WHAT NEEDS TO BE DONE —
Your task is to write out every line of the data exactly. Drop the pictures.

───

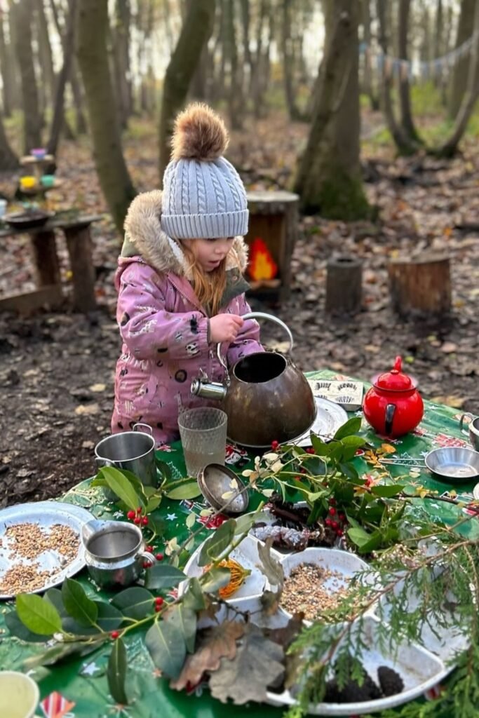 Magic happens around a tiny woodland “kitchen.” A kettle, a few metal cups, scattered leaves and pinecones suddenly you’ve got a five-star forest café.
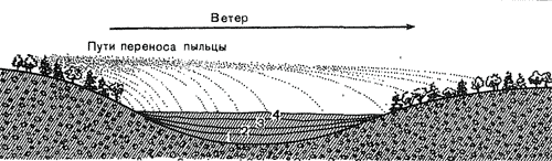 Рис. 65. Болото, занимающее впадину в ледниковых отложениях, в котором ежегодно отлагается пыльца растений, произрастающих в окрестностях. Постепенно в нем накапливаются слои опавших листьев, стеблей и других растительных остатков, образующие торф.
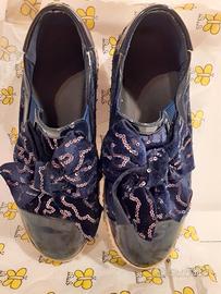 Scarpe seminuove di vernice lucida con fiocco e pailletts per bambina Colore: blu Modello: Lulù Tg.: 34/36
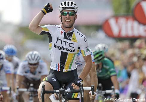 CHATEAUROUX, France — Mark Cavendish won a crash-marred seventh stage of the Tour de France on Friday, capturing his 17th career stage win in the same town where he won his first, as world champion Thor Hushovd retained the yellow jersey.
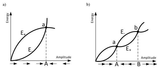 An important issue related to self-excitation systems is the phenomenon of the boundary cycle. The boundary cycle occurs when the system will vibrate in a steady state. The energy balance will be zero when the system draws as much energy as it will lose. The vibrations will remain unchanged. The situation in which there is an excess or under-supply of energy is shown in Figure 14. Figure 14a shows that, the more energy supplied (), the amplitude increases to the value A until the balance is zero. For , the amplitude will decrease to the same A value. There are also more complex situations. Figure 14b shows that there may be more equilibrium points: here, for example, three. First, at the beginning of the coordinate system and the second and third for amplitudes A and B. The amplitude increases or decreases depending on which part of the graph the system is located in. The second graph presents the difference between a steady and a non-steady cycle. The cycle for amplitude A can be called stable because the amplitude around point A is heading towards it. The amplitude B is of the unstable cycle. This area behaves in exactly the opposite way as around the A point—amplitudes greater than B increase even further, and smaller ones decrease, in this case to A [38].
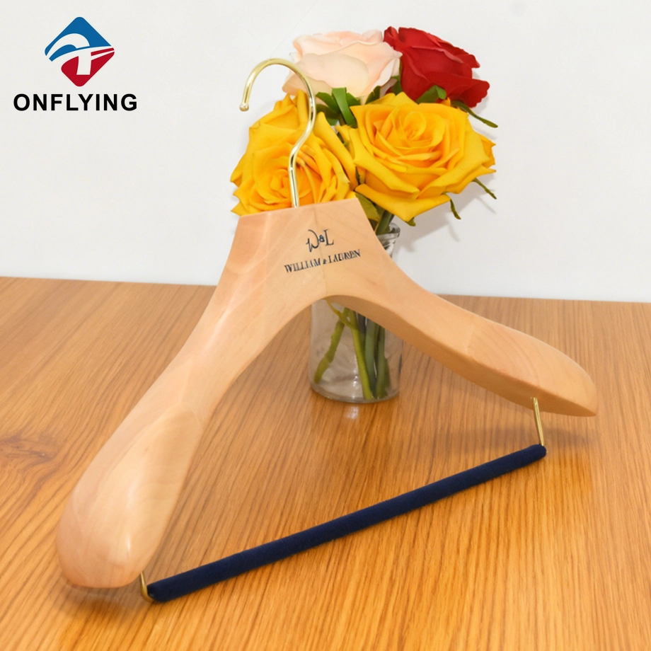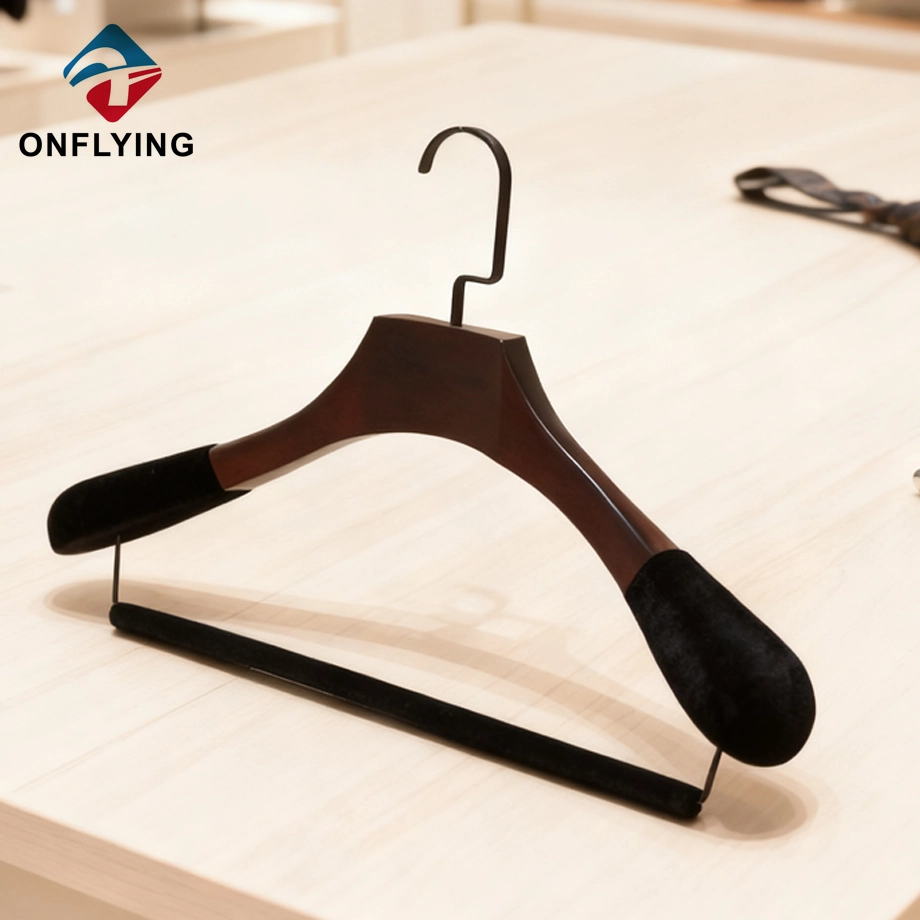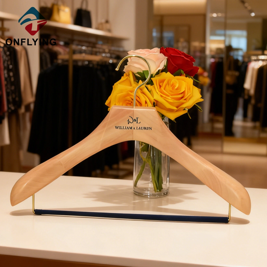 Nous, accessoires de vêtement Onflying Industiral Limited, sommes professionnels Ce cintre en bois avec logo personnalisé pour costume à épaule large et solide de luxe est destiné au stockage et à l'affichage des vêtements de manteau de costume.

───

SOLUTION TO THE PROBLEM —
 Magic happens around a tiny woodland “kitchen.” A kettle, a few metal cups, scattered leaves and pinecones suddenly you’ve got a five-star forest café.
 Рис. 65. Болото, занимающее впадину в ледниковых отложениях, в котором ежегодно отлагается пыльца растений, произрастающих в окрестностях. Постепенно в нем накапливаются слои опавших листьев, стеблей и других растительных остатков, образующие торф.
 Scarpe seminuove di vernice lucida con fiocco e pailletts per bambina Colore: blu Modello: Lulù Tg.: 34/36
 CHATEAUROUX, France — Mark Cavendish won a crash-marred seventh stage of the Tour de France on Friday, capturing his 17th career stage win in the same town where he won his first, as world champion Thor Hushovd retained the yellow jersey.
 An important issue related to self-excitation systems is the phenomenon of the boundary cycle. The boundary cycle occurs when the system will vibrate in a steady state. The energy balance will be zero when the system draws as much energy as it will lose. The vibrations will remain unchanged. The situation in which there is an excess or under-supply of energy is shown in Figure 14. Figure 14a shows that, the more energy supplied (), the amplitude increases to the value A until the balance is zero. For , the amplitude will decrease to the same A value. There are also more complex situations. Figure 14b shows that there may be more equilibrium points: here, for example, three. First, at the beginning of the coordinate system and the second and third for amplitudes A and B. The amplitude increases or decreases depending on which part of the graph the system is located in. The second graph presents the difference between a steady and a non-steady cycle. The cycle for amplitude A can be called stable because the amplitude around point A is heading towards it. The amplitude B is of the unstable cycle. This area behaves in exactly the opposite way as around the A point—amplitudes greater than B increase even further, and smaller ones decrease, in this case to A [38].
 Nous, accessoires de vêtement Onflying Industiral Limited, sommes professionnels Ce cintre en bois avec logo personnalisé pour costume à épaule large et solide de luxe est destiné au stockage et à l'affichage des vêtements de manteau de costume.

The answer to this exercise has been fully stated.